What’s so American about “The New American Poetry”?
Keynote talk by Daniel Kane, professor of American Literature, Uppsala University
Donald Allen’s anthology The New American Poetry (1960) proved hugely influential to avant-garde-affiliated writers from its initial publication through today. But why, one wonders, did Allen emphasize the Americanness of his project? After all, The New American Poetry placed writers such as Denise Levertov, Allen Ginsberg, Charles Olson, Amiri Baraka, and Frank O’Hara in the context of distinct regional spheres – labeling the poets as belonging to the “San Francisco Renaissance,” as “New York Poets,” as “Black Mountain” poets, and so on. Ensuring readers would understand the work within all the more as distinctly “American,” the cover of the book itself was modeled after the American national flag.

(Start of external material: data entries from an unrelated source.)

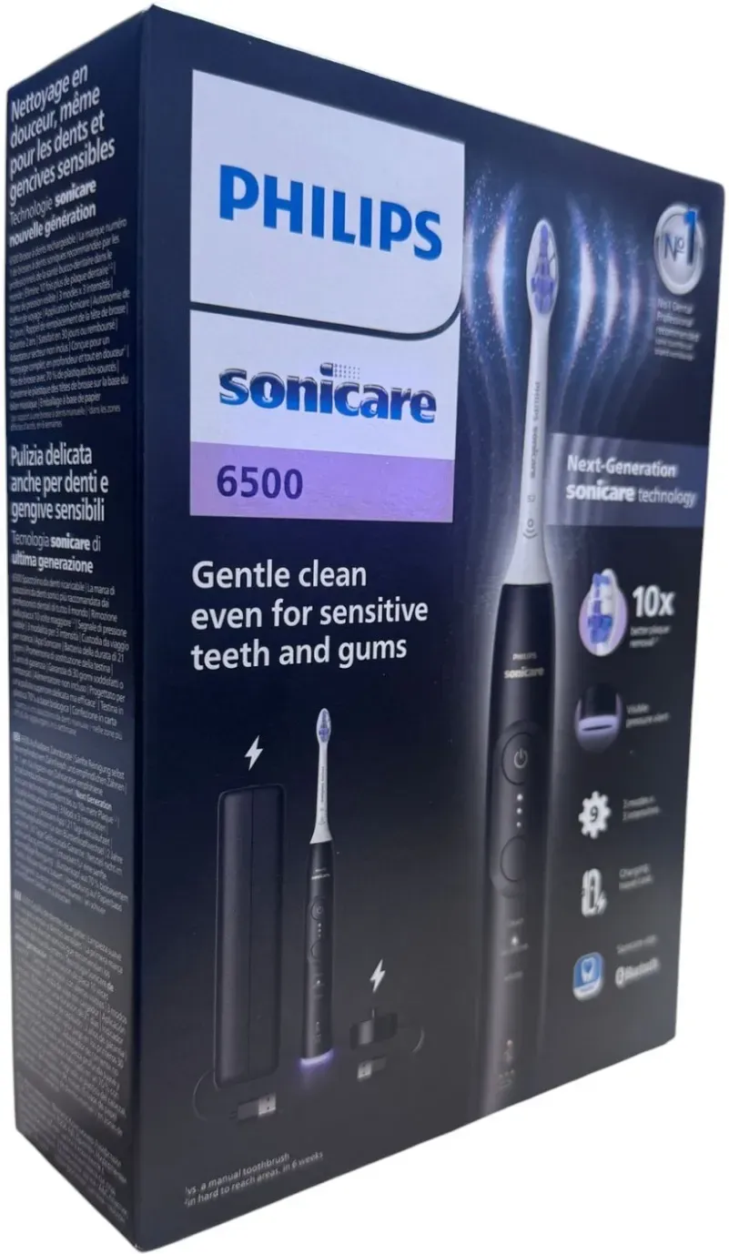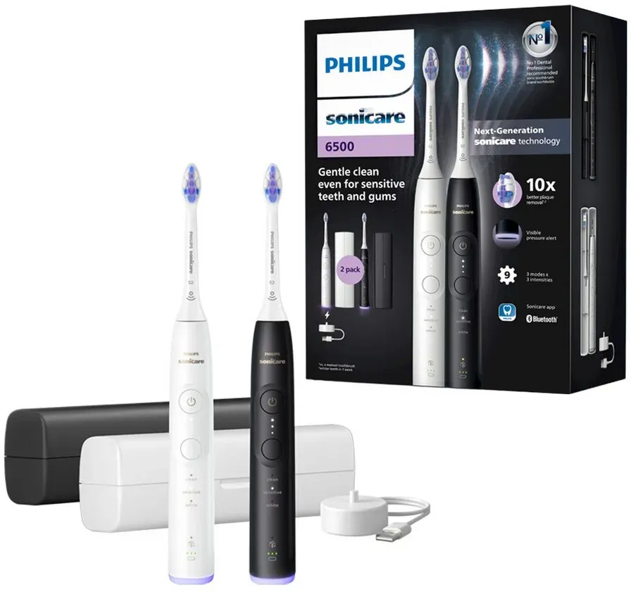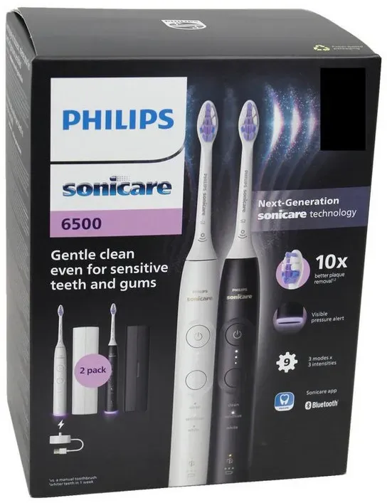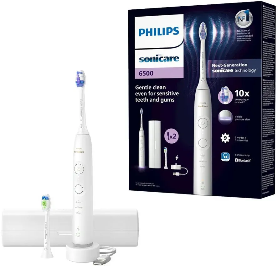 Kategorie: Elektrische Zahnbürsten - Philips - GTIN:8720689021609 - Up to 10 x more plaque removal Gentle cleaning and whitening for sensitive teeth and gums 3 modes, 3 intensities Visible pressure alert SmarTimer and BrushPacer BrushSync technology Philips Sonicare app Up to 3 weeks of brushing with one full charge Laser-welded for strength and durability Travel Case Gentle clean, even for sensitive teeth and gums Up to 10 x more plaque removal* The Philips Sonicare 6500 features Next-Generation Sonicare technology, a dedicated Sensitive mode, 3 intensity levels, a pressure alert and S2 Sensitive brush heads. - 297,63 Euro bei Proshop.de - gefunden von billiger.de Sie erhalten mehr Ergebnisse, aktuelle Angebote und weitere Preisbereiche wenn Sie den Preisvergleich aktualisieren: Mehr sonicare 6500 Angebote Jetzt live Meta-Preisvergleich starten! Sonicare 6500 Testberichte
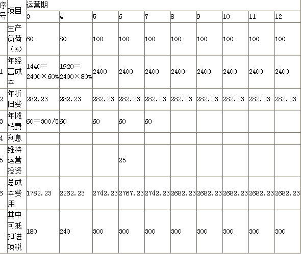 解析 【1】 固定资产折旧费=(3865-300)×(1-5%)÷12=282.23(万元) 固定资产余值=残值+年固定资产折旧费×(折旧年限-运营年限)=(3865-300)×5%+282.23×2=742.71(万元) 表1-6 某项目总成本费用估算表 单位:万元 【2】 表1-7 项目投资现金流量表 计算调整所得税: 调整所得税=(营业收入(不含销项税)-经营成本(不含进项税)-增值税附加-折旧-摊销-维持运营投资+补贴收入)×25% 第3年调整所得税=(2490-1260-19.80-282.23-60+200)×25%=266.99(万元) 第4年调整所得税=(3320-1680-26.40-282.23-60)×25%=317.84(万元) 第5年调整所得税=(4150-2100-33-282.23-60)×25%=418.69(万元) 第6年调整所得税=(4150-2100-33-282.23-60-25)×25%=412.44(万元) 第7年调整所得税=(4150-2100-33-282.23-60)×25%=418.69(万元) 第8年至第12年调整所得税=(4150-2100-33-282.23)×25%=433.69(万元) 【3】 静态投资回收期=(累计净现金流量出现正值年份-1)+丨出现正值年份上年累计净现金流量累计值丨/出现正值年份当年净现金流量=(6-1)+667.72/1579.56=5+0.42=5.42(年) 项目静态投资回收期为5.42年小于6年,项目可行。 【4】 计算该项目的净现值为4128.50万元,大于0,项目可行。
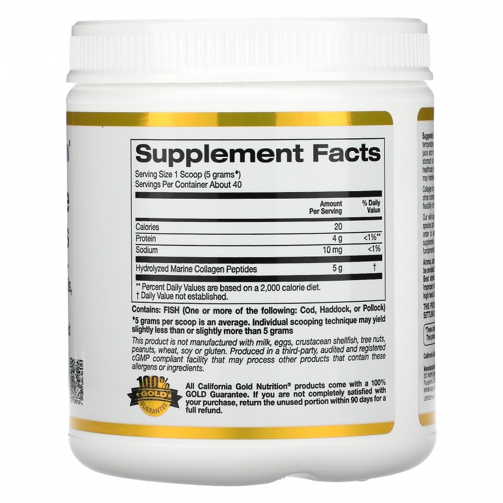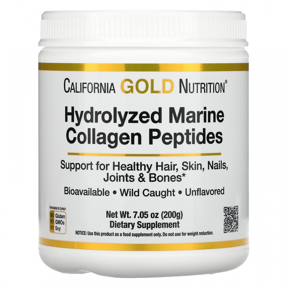 Пептиды гидролизованного морского коллагена от California Gold Nutrition содержат морской коллаген природного происхождения без ароматизаторов, который производится из кожи глубоководных и холодноводных видов рыб дикого улова. Коллаген гидролизуется ферментами (расщепляется) на аминокислотные пептиды, что способствует улучшению его усвоения и биодоступности.

As scholars including Michael Davidson and Alan Golding have shown, Allen’s anthology and avant-garde American poetry after World War 2 more broadly speaking often uncritically channelled the ideologies of American exceptionalism, machismo, and Manifest Destiny to lend credence to itself. And yet, as I will discuss today, the work affiliated with The New American Poetry – and much of the writing that followed in its wake – was complexly transnational, proposing a positive vision of an inter-cultural form of globalism before this term’s corruption and misuse in political and economic contexts.